И Голицын выложил на стол завещание Петра Первого, Екатерины Первой и Елизаветы.


«Завещания трех российских самодержцев. Они поддельные. Но хорошо, со знанием составлены. На основании подлинных. Тот, кто составлял, откуда-то знал подлинные. А завещание Екатерины вообще с подлинного списано. Это уже не ее сказки про Персию».


– Откуда они у вас? Прошу вас обстоятельно ответить.

– Нет ничего проще: я сама не знаю.

– То есть как?

– То есть так. 8 июля 1774 года – на всю жизнь запомнила этот день – я получила из Венеции анонимное письмо, при котором были приложены два запечатанных конверта. В письме было сказано, что я смогу спасти жизнь многих людей, коли помогу заключить мир России с Турцией, для чего по приезде к султану я обязана объявить себя дочерью императрицы Елизаветы, каковой в действительности являюсь. В том же письме было сказано, что один из запечатанных конвертов я должна передать султану, а другой – отослать в Ливорно графу Орлову. Не скрою – я открыла письмо графу. И что же? Там от имени Елизаветы Всероссийской были воззвание к русскому флоту и письмо к графу Орлову. Я сняла с этих бумаг копии. И, запечатав конверт своею печатью, отправила графу.


«Ох, шельма! Ох, ловка!»


– Кто писал вам эти бумаги? Не торопитесь с ответом. Вся ваша судьба зависит от правдивого ответа. Одно правдивое слово спасет вас от многих печальных последствий, и наоборот, сударыня.

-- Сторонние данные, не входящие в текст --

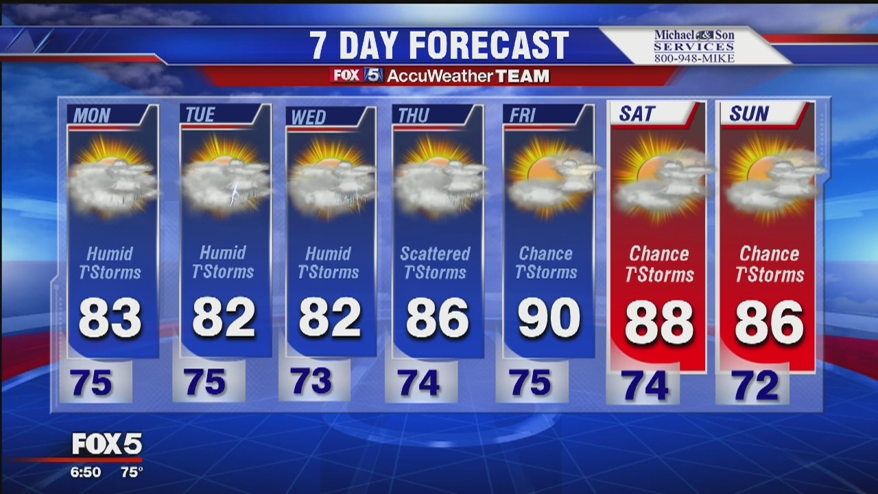 Lots of rain this weekend and there's still more on the way this week. More showers and storms on Monday. Temps in the lower 80s.
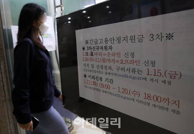 [이데일리 방인권 기자] 신종 코로나바이러스 감염증(코로나19) 사태로 어려움을 겪는 특수고용직(특고) 종사자와 프리랜서 가운데 지난해 1∼2차 긴급 고용안정지원금을 안 받은 사람을 대상으로 하는 3차 긴급 고용안정지원금 신청이 시작된 22일 오후 서울 중구 서울고용노동지방청에 신청 안내문이 붙어 있다.

– Не знаю, – жестко ответила Елизавета.

– Но вы кого-то подозревали?

– Я готова присягнуть: почерк мне был незнаком.

– Сударыня, но ведь вы думали над этим… Не могли не думать. Итак, ради вашей же пользы. В последний раз спрашиваю: кто дал вам письму

– Клянусь, не знаю. И в доказательство того, что говорю чистосердечно, признаюсь: конечно, получив эти бумаги, я стала соображать. Воспоминания детства, все слышанное от князя Али, слова Радзивилла, французских офицеров. И вот тогда-то мне и пришло на ум.

И, глядя в упор на князя, Елизавета сказала:

– А не та ли я самая, в чью пользу составлено завещание императрицы Елизаветы?

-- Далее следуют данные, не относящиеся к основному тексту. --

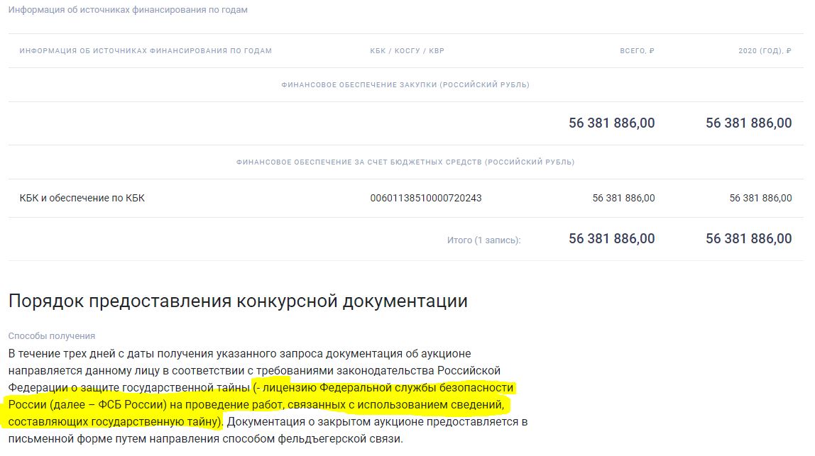 Ещё один интересный момент — аукцион закрытый. Данная закупка составляет некую государственную тайну, и участник обязан иметь лицензию ФСБ на проведение работ с документами, составляющими гостайну. Так что узнать на что и куда были потрачены бюджетные миллионы у простого обывателя нет никаких шансов.

«Ох, шельма! Да и ты тоже хорош! Не прерывать такие речи!»

– С какой целью, – сурово начал князь, – вы отослали графу Орлову эти бумаги?

– Они были адресованы на его имя, и я не имела права их не отослать. Но, с другой стороны, я отослала бумаги с тайной надеждой узнать от графа что-нибудь о своих родителях – И, усмехнувшись, прибавила: – А также обратить внимание графа на происки, которые ведутся против империи.

– И кто же, по-вашему, вел эти происки? – не унимался Голицын.

– В третий раз отвечаю: не знаю. Хотя, конечно, раздумывала. Подозрения мои пали и на Версальский кабинет, и на Турецкий диван, и на Россию, конечно. Но главное: эти бумаги привели меня в такое волнение, что стали причиной жестокой моей болезни, которая нынче, как вы видите, сильно развилась во мне.

– Итак, вы прервались в рассказе на отъезде с Радзивиллом в Венецию и на возвращении в Рагузу.

– В Рагузе было узнано мною о заключении мира России с Турцией, чему я сильно порадовалась. И тогда я стала настойчиво уговаривать князя Радзивилла отказаться от его неосуществимых планов.

– Не надо более о Радзивилле. Для чего вы уехали в Рим?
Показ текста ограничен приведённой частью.